# ASSIGNMENT
Could you print each entry below verbatim while omitting the pictures?

-- INFORMATION SHOWN follows --

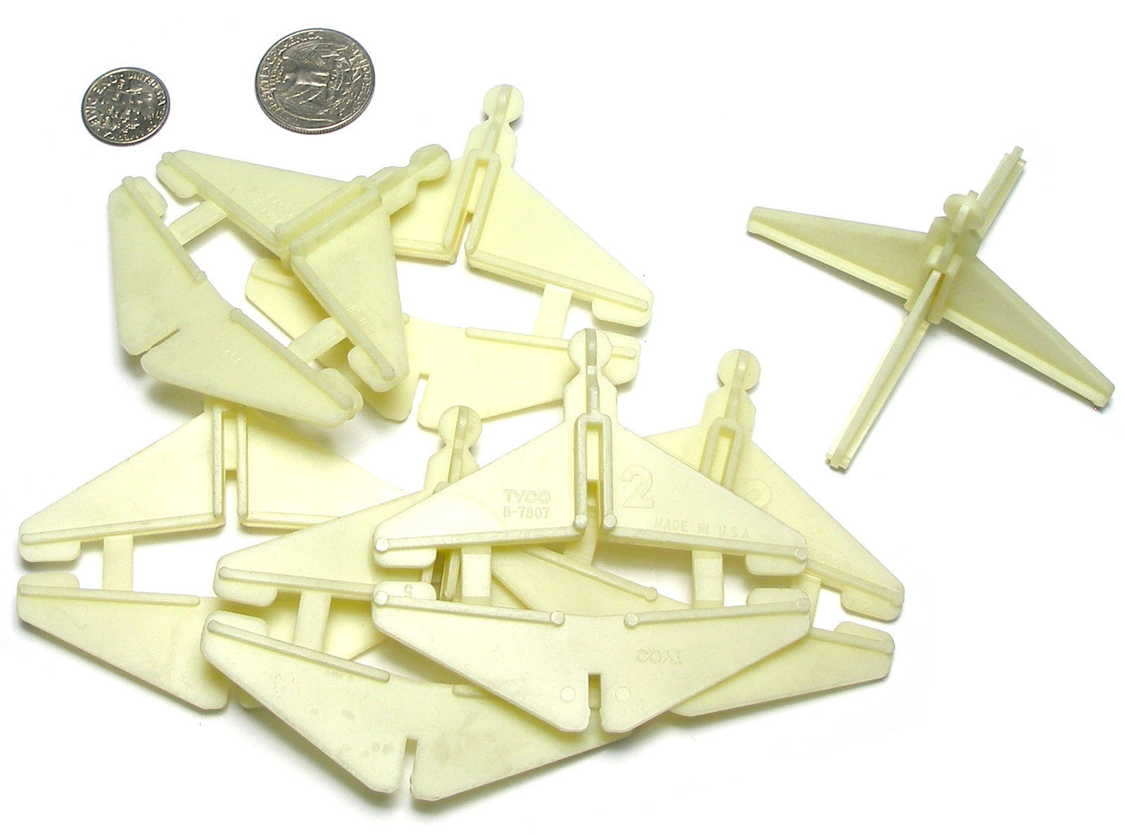 This listing is for SIX (6) Modern 1980's TYCO OR MATTEL, HO SCALE SLOT CAR, GLOW IN THE DARK TRACK SUPPORTS released originally as NITEGLOW B-7807. Included is (6) #2 size supports. THEY ARE EXTREMELY USEFUL FOR NEARLY ANY HO SCALE RACE TRACK. EACH ONE INTEGRATES NICELY WITH THE ROUND RECEPTACLE ON THE BOTTOM OF TYCO OR MATTEL TRACK. THEY MAY WORK WITH OTHER TRACKS AS WELL. Great addition to just about any Slot Car Race Course. They really Glow Too! Adding these, Glow Guard Rail, Glow Barrels other such additions to really make night racing possible! Much better to light the Track all around with accessories, than sap the power from your cars to light up a bulb down the straight aways.
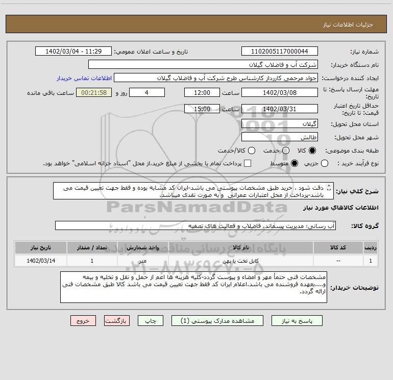 نام دستگاه خریدار:شرکت آب و فاضلاب گیلان
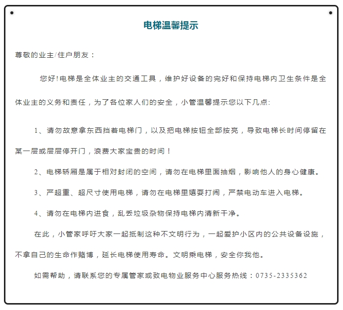 以上为九月的工作情况,我们将持续为大家提供更优质的服务,努力改进,力争为业主们带来愉悦的感受!如您有需要可及时致电24小时服务热线:0735-2335362,我们将竭诚为您服务!
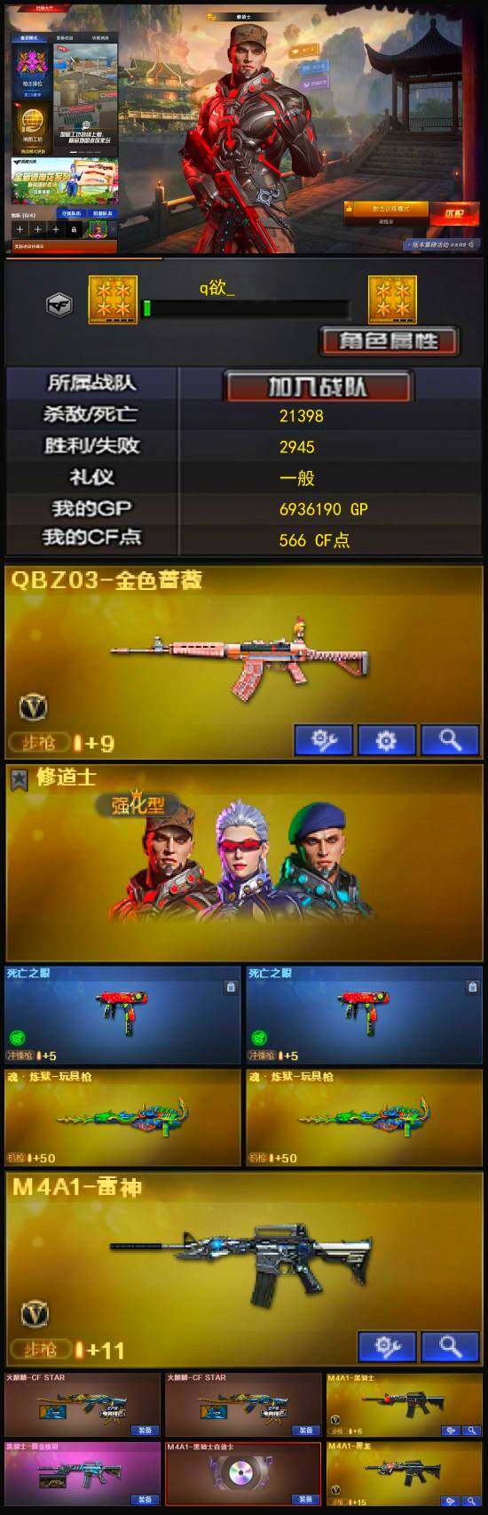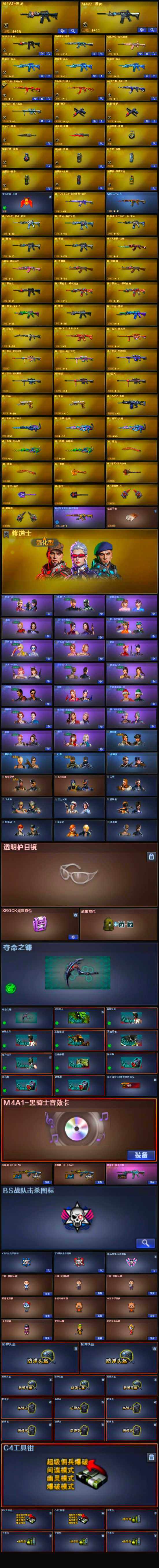 【英雄级武器】:马来剑-夜魔,斩神刀-雷暴,QBZ03-金色蔷薇,M4A1-雷神,M4A1-黑龙,M4A1-黑骑士,黑骑士-海王*3,AK47-B-常胜将军,沙鹰-修罗*2
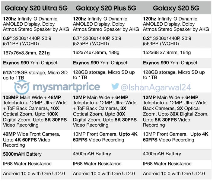 Ресурс, за которым стоит известный инсайдер Ishan Agarwal, опубликовал таблицу официальных (на это указывает, в частности, и шрифт на изображении — изображение явно взято из фирменного источника Samsung) характеристик новых флагманов Samsung — Galaxy S20 5G, Galaxy S20+ 5G and Galaxy S20 Ultra 5G. Теперь можно сказать, что мы о смартфонах знаем все.

-- INFORMATION SHOWN concluded --

# ANSWER FOR THIS EXERCISE
 This listing is for SIX (6) Modern 1980's TYCO OR MATTEL, HO SCALE SLOT CAR, GLOW IN THE DARK TRACK SUPPORTS released originally as NITEGLOW B-7807. Included is (6) #2 size supports. THEY ARE EXTREMELY USEFUL FOR NEARLY ANY HO SCALE RACE TRACK. EACH ONE INTEGRATES NICELY WITH THE ROUND RECEPTACLE ON THE BOTTOM OF TYCO OR MATTEL TRACK. THEY MAY WORK WITH OTHER TRACKS AS WELL. Great addition to just about any Slot Car Race Course. They really Glow Too! Adding these, Glow Guard Rail, Glow Barrels other such additions to really make night racing possible! Much better to light the Track all around with accessories, than sap the power from your cars to light up a bulb down the straight aways.
 نام دستگاه خریدار:شرکت آب و فاضلاب گیلان
 以上为九月的工作情况,我们将持续为大家提供更优质的服务,努力改进,力争为业主们带来愉悦的感受!如您有需要可及时致电24小时服务热线:0735-2335362,我们将竭诚为您服务!
 【英雄级武器】:马来剑-夜魔,斩神刀-雷暴,QBZ03-金色蔷薇,M4A1-雷神,M4A1-黑龙,M4A1-黑骑士,黑骑士-海王*3,AK47-B-常胜将军,沙鹰-修罗*2
 Ресурс, за которым стоит известный инсайдер Ishan Agarwal, опубликовал таблицу официальных (на это указывает, в частности, и шрифт на изображении — изображение явно взято из фирменного источника Samsung) характеристик новых флагманов Samsung — Galaxy S20 5G, Galaxy S20+ 5G and Galaxy S20 Ultra 5G. Теперь можно сказать, что мы о смартфонах знаем все.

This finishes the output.